April 1996 / Reviews / Hey Baby, Call Me at My IP Address / Pronounced Packet Problems

It's hard to compare the sound quality of the systems we review here because the Internet doesn't cooperate. Most people who use these products will probably find that the quality of the channel carrying the packets is the most limiting part of the technology. No matter how good the software is, it can't do much when packets get lost or delayed along the way.

The real problem is that the Internet was never designed to handle communications, such as phone conversations, that are highly time-dependent. The network routes packets between two locations, but it can't guarantee that the packets will arrive in any predictable order or on any schedule.

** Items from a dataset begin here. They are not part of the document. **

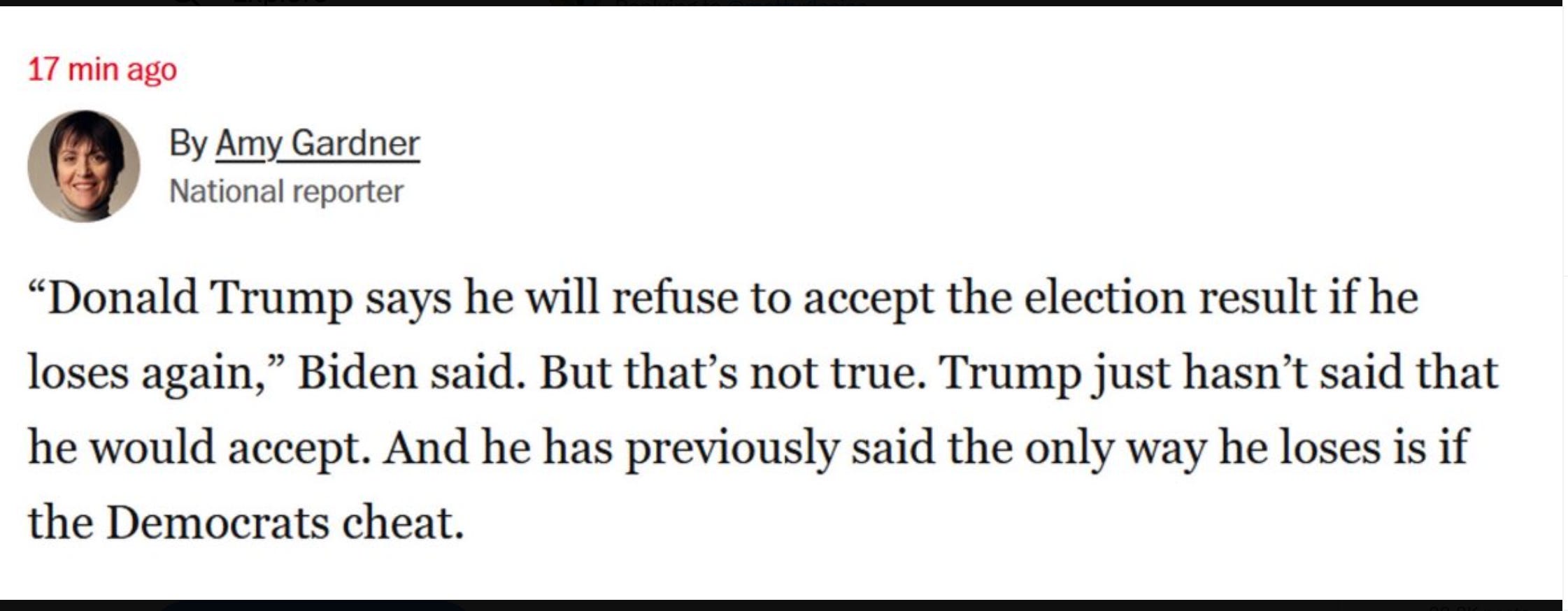 “‘Donald Trump says he will refuse to accept the election result if he loses again,’ Biden said. But that's not true. Trump just hasn't said that he would accept. And he has previously said the only way he loses is if the Democrats cheat.”
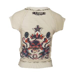 | RAW7 Women's Ivory Cut Off V-Neck Sweatshirt Short Sleeved - Skull. Price: $39 | ||
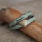 Lærarmbånd i valgfri farge med dobbel vikling rundt håndleddet, som kan tilpasses ved å gravere et valgfritt budskap og dekoreres med en aldret hjerteformet trykknapp i bronse. Armbåndet lukkes med en elegant magnetlås i antikk gull med en krok. Hjertet er 15 mm høyt.

If a packet disappears during a file transfer, it can be resent and the user won't notice the glitch. Most of the time, Internet connections are good enough to support a conversation, but there's no guarantee like the one you receive from the phone company when your telephone initiates a call.

For this reason, the sound quality of Internet phone calls depends on the state of the network at the particular time you call. In some telephone calls we made to Israel, voices were barely recognizable because so many packets were disappearing. The software did its best to reassemble the message with the packets that did make it through, but the speech was too clipped to make sense. Other phone calls--to Sweden, for instance--worked perfectly. The Internet is so decentralized that you simply can't count on the quality of any given connection.

For most people, for now, these phone products will be toys. It's fun to meet people from around the world and speak with them and not pay s ky-high phone bills, but the sound quality is too spotty for business conversations. And it's important to remember that the calls are free only because the Internet doesn't have any mechanism for billing based on traffic. This could change in the future.

People with access to better Internet links may consider using these phones as real devices. Some corporations, for instance, maintain their own WANs that link geographically dispersed offices. If these connections are fast, then better phone connections may be possible because you're not relying upon a common resource like the Internet.


Lost Your Voice?

illustration_link (21 Kbytes)

A much simplified depiction of what happens when speech is converted into digital packets that are sent through a network and received out of order, with pieces missing. Since the original was created in real time, a missing packet can't be resent, thus creating a gap in the data stream, which the recipient hears as clipped words or run-together speech.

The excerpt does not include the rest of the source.